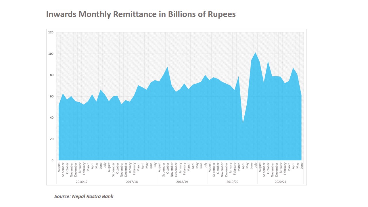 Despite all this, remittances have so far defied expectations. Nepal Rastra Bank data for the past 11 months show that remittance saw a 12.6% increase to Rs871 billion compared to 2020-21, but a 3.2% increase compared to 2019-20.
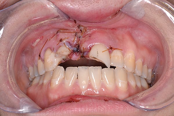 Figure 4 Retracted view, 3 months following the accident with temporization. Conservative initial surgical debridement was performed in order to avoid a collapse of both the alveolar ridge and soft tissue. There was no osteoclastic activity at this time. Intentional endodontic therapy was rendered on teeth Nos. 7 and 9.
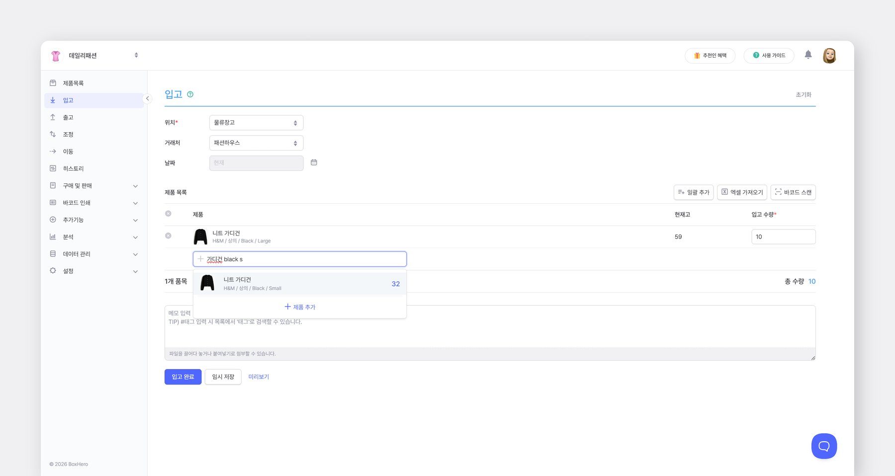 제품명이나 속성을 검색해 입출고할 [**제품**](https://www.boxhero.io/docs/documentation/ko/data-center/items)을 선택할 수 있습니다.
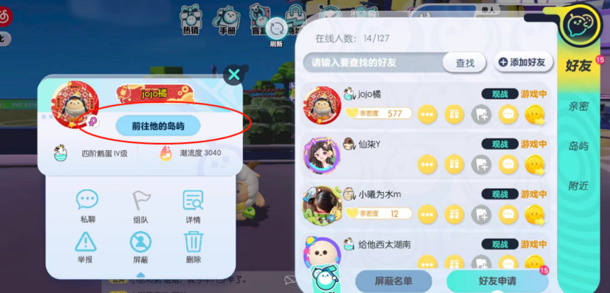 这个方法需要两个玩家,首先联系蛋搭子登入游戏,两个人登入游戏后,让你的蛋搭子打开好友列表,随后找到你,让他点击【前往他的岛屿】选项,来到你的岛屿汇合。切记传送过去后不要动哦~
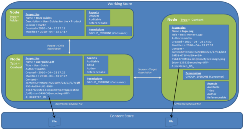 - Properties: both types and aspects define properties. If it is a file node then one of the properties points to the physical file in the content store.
+-------+
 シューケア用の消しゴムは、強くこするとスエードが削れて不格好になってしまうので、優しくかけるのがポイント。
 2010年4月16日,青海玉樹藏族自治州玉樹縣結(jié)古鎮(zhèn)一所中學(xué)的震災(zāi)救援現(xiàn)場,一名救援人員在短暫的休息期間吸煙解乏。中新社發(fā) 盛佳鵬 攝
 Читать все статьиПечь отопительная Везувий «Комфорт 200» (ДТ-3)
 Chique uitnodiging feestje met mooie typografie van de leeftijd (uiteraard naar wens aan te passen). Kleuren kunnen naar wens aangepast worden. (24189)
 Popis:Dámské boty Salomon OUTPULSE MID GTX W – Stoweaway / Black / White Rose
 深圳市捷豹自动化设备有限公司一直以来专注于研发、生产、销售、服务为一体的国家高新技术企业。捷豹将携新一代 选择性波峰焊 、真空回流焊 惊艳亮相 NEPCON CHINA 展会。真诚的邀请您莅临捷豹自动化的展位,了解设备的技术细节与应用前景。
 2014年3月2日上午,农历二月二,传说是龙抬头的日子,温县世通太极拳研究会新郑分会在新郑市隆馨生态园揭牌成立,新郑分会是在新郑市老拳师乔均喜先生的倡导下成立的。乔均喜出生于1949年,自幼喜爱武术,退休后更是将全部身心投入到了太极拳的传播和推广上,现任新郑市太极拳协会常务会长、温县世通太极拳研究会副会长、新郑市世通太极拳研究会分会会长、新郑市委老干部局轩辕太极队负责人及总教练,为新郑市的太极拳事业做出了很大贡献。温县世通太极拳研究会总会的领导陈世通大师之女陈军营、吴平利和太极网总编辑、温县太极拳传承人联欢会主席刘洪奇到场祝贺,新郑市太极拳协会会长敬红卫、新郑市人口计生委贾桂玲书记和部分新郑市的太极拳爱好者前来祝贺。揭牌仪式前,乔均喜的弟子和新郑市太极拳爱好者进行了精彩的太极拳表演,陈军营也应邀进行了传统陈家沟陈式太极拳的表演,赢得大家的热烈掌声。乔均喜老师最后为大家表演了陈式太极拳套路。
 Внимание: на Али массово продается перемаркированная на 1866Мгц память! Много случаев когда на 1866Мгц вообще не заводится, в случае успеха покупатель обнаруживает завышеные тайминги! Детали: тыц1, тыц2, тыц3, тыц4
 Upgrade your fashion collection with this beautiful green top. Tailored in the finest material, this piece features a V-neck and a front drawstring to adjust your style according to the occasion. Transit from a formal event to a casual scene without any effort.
+-------+
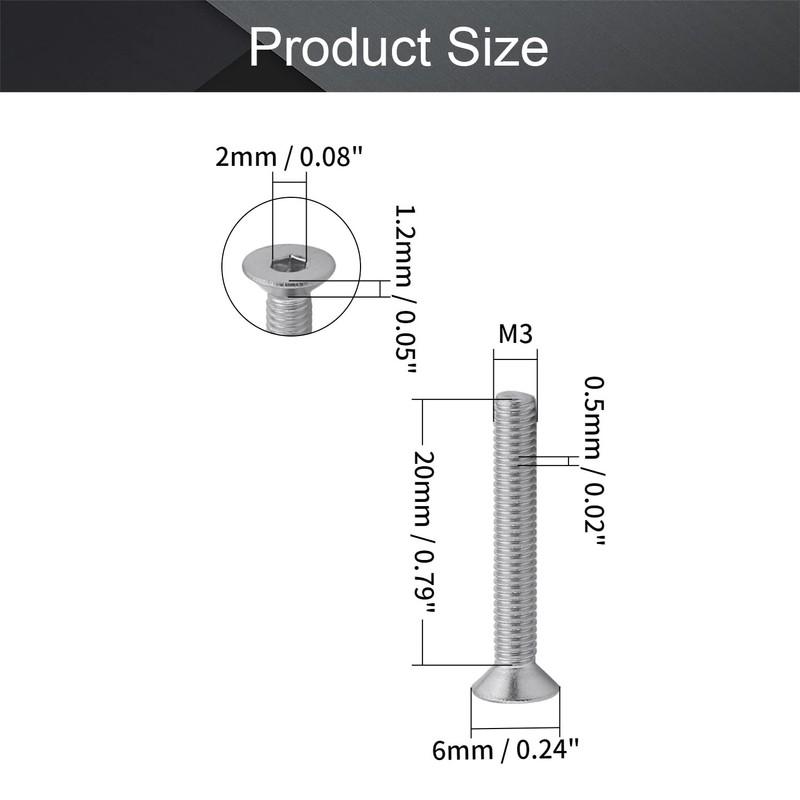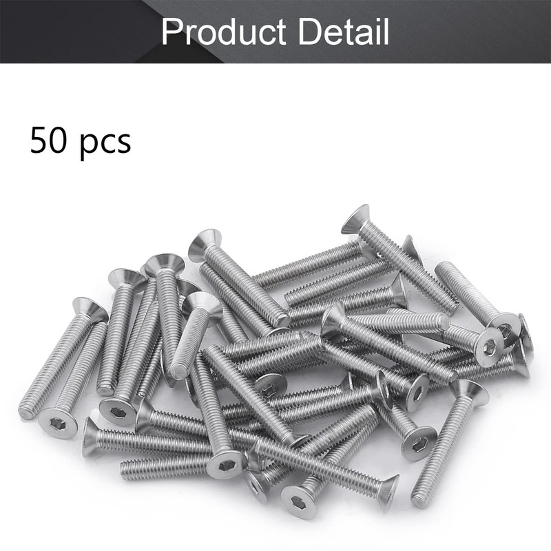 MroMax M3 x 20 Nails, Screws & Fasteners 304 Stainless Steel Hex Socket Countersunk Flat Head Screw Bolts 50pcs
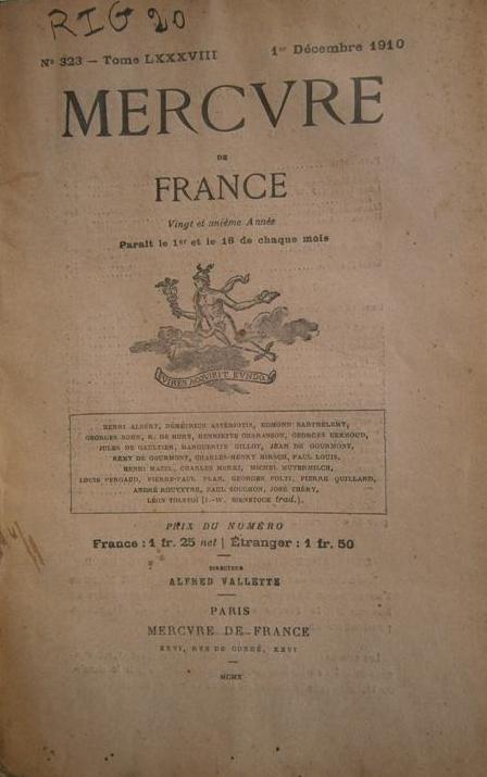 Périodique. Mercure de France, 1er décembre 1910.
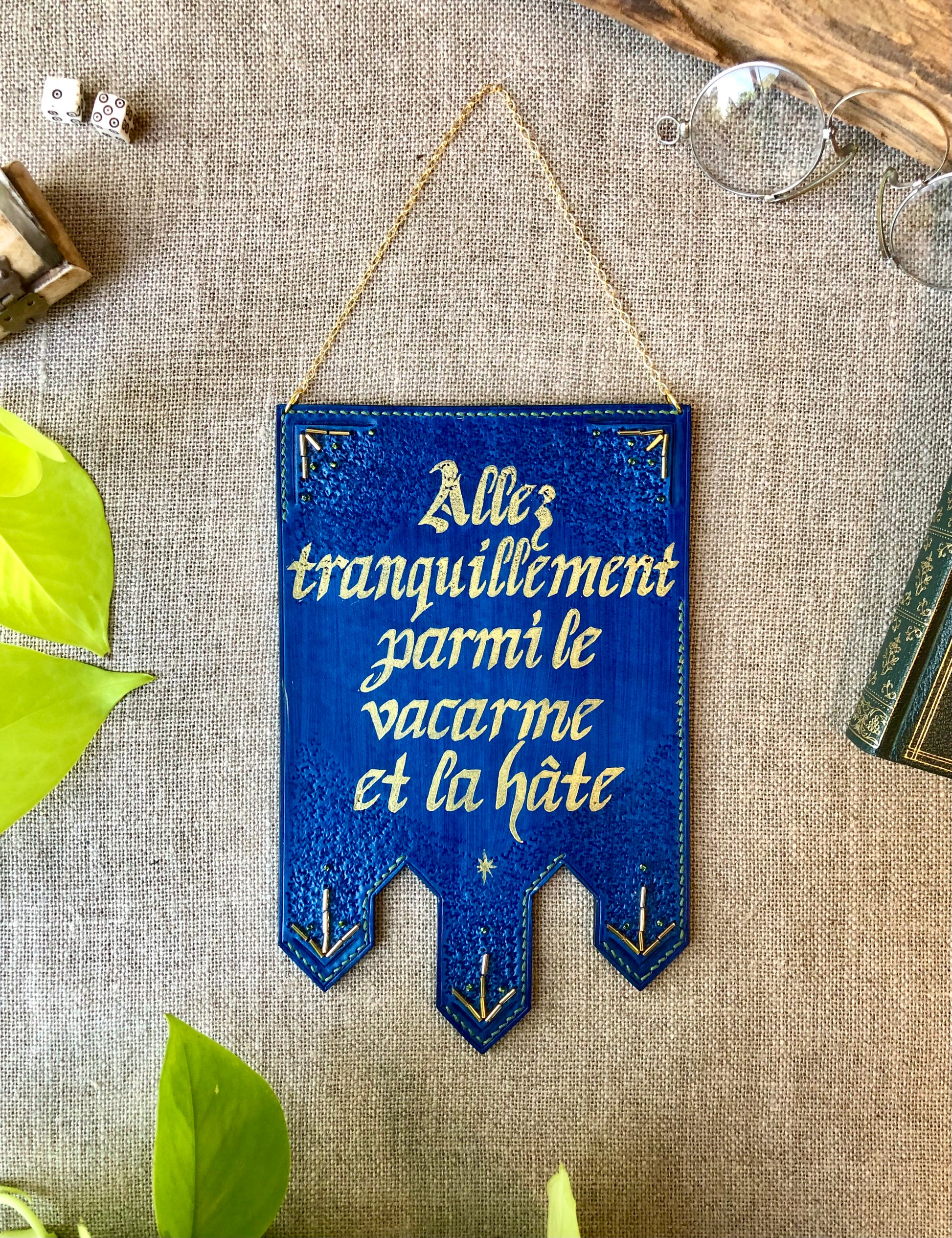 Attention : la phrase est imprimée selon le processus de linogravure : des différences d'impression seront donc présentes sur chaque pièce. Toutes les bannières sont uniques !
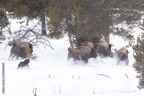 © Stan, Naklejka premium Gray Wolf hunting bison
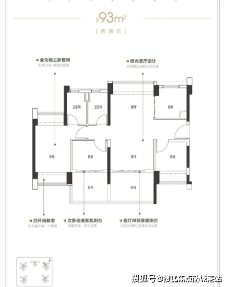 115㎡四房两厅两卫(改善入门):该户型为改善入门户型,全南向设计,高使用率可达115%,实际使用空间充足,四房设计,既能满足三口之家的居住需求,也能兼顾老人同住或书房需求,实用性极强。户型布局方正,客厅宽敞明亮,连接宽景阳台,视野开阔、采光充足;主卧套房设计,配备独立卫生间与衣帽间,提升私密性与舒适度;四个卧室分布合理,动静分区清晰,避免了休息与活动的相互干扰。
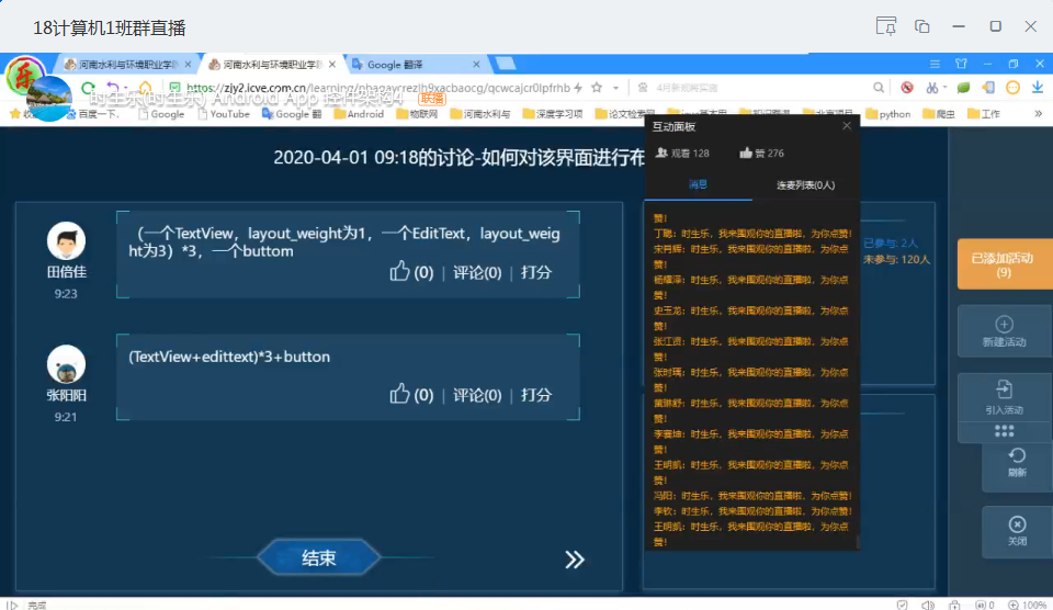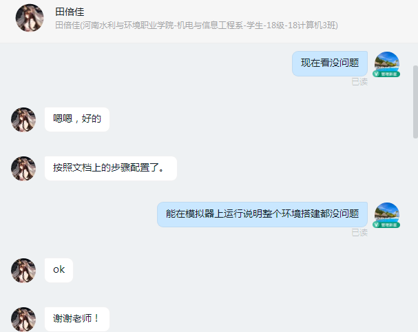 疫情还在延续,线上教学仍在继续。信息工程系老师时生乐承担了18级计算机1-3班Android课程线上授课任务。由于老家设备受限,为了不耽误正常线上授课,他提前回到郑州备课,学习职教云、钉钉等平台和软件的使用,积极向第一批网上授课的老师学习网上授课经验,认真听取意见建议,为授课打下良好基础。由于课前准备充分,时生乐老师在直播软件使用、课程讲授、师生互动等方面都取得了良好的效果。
+-------+
Exact copy, pictures excluded: every line above from the one containing "Despite all this, remittances" to the one containing "- Properties: both", inclusive, and nothing more.

RESPONSE TO THE EXERCISE:
 Despite all this, remittances have so far defied expectations. Nepal Rastra Bank data for the past 11 months show that remittance saw a 12.6% increase to Rs871 billion compared to 2020-21, but a 3.2% increase compared to 2019-20.
 Figure 4 Retracted view, 3 months following the accident with temporization. Conservative initial surgical debridement was performed in order to avoid a collapse of both the alveolar ridge and soft tissue. There was no osteoclastic activity at this time. Intentional endodontic therapy was rendered on teeth Nos. 7 and 9.
 제품명이나 속성을 검색해 입출고할 [**제품**](https://www.boxhero.io/docs/documentation/ko/data-center/items)을 선택할 수 있습니다.
 这个方法需要两个玩家,首先联系蛋搭子登入游戏,两个人登入游戏后,让你的蛋搭子打开好友列表,随后找到你,让他点击【前往他的岛屿】选项,来到你的岛屿汇合。切记传送过去后不要动哦~
 - Properties: both types and aspects define properties. If it is a file node then one of the properties points to the physical file in the content store.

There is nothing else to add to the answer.